### ASSIGNED TASK
Repeat exactly the lines running from the first line of the data to the line containing "민간기업인 ‘스마트알뜰장터’와 ‘미스터아빠’가", both ends included, and nothing else; drop the pictures.
━━━━━ THE INPUT
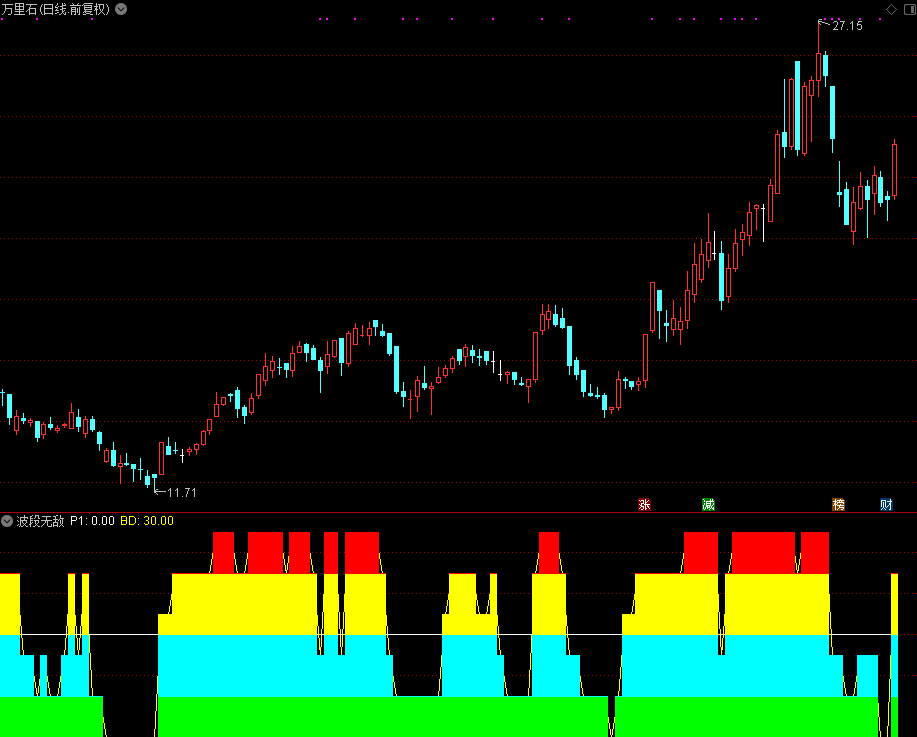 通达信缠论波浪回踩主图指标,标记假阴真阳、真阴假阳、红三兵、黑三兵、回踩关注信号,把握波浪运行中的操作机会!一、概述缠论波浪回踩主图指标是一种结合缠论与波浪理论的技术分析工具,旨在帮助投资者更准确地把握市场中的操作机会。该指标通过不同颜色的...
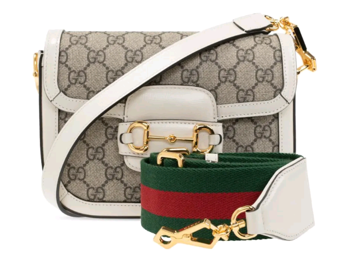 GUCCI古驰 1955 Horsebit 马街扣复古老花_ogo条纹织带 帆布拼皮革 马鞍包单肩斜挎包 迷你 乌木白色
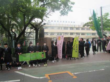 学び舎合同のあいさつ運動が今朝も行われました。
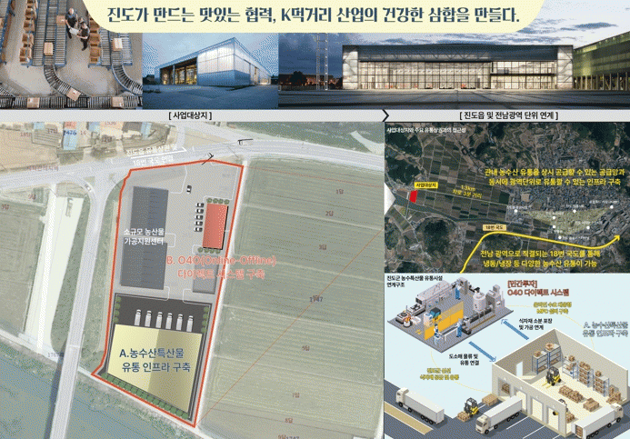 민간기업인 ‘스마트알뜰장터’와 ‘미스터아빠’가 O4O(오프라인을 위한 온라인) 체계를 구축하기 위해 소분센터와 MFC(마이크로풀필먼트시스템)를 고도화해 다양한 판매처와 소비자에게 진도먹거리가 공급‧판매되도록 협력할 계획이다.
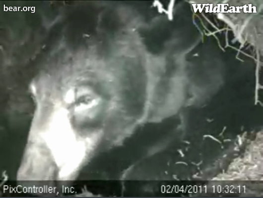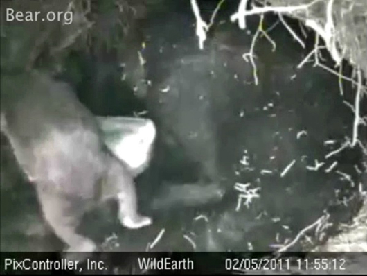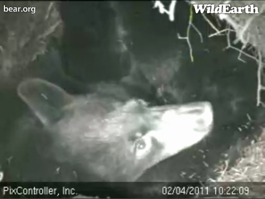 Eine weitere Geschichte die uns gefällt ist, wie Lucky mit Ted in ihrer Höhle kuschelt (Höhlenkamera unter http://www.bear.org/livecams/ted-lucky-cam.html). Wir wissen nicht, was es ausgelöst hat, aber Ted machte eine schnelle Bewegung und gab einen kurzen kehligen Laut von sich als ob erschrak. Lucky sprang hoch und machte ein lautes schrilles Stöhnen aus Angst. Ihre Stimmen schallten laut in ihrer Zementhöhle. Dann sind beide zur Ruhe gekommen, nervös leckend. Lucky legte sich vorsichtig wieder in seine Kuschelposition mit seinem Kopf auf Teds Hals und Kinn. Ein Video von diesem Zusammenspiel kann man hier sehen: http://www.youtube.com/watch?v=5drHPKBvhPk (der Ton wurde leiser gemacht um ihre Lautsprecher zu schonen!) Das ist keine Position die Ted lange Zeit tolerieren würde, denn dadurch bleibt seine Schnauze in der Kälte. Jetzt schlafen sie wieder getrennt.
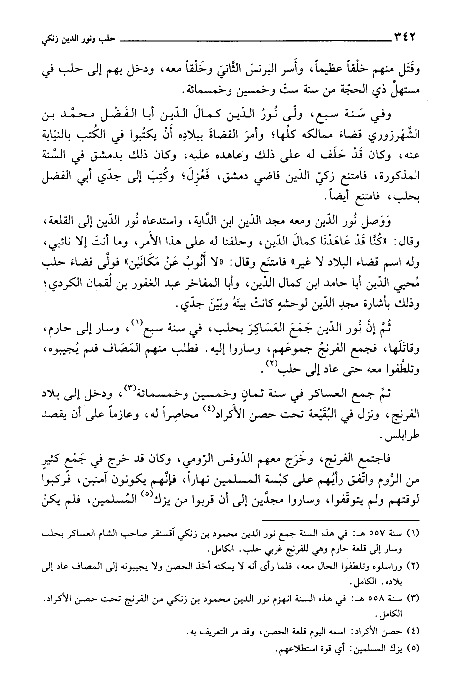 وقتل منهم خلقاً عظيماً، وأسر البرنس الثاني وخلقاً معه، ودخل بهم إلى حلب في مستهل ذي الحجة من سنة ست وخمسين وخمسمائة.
━━━━━━━━━━
### ANSWER TO THE PROBLEM
 通达信缠论波浪回踩主图指标,标记假阴真阳、真阴假阳、红三兵、黑三兵、回踩关注信号,把握波浪运行中的操作机会!一、概述缠论波浪回踩主图指标是一种结合缠论与波浪理论的技术分析工具,旨在帮助投资者更准确地把握市场中的操作机会。该指标通过不同颜色的...
 GUCCI古驰 1955 Horsebit 马街扣复古老花_ogo条纹织带 帆布拼皮革 马鞍包单肩斜挎包 迷你 乌木白色
 学び舎合同のあいさつ運動が今朝も行われました。
 민간기업인 ‘스마트알뜰장터’와 ‘미스터아빠’가 O4O(오프라인을 위한 온라인) 체계를 구축하기 위해 소분센터와 MFC(마이크로풀필먼트시스템)를 고도화해 다양한 판매처와 소비자에게 진도먹거리가 공급‧판매되도록 협력할 계획이다.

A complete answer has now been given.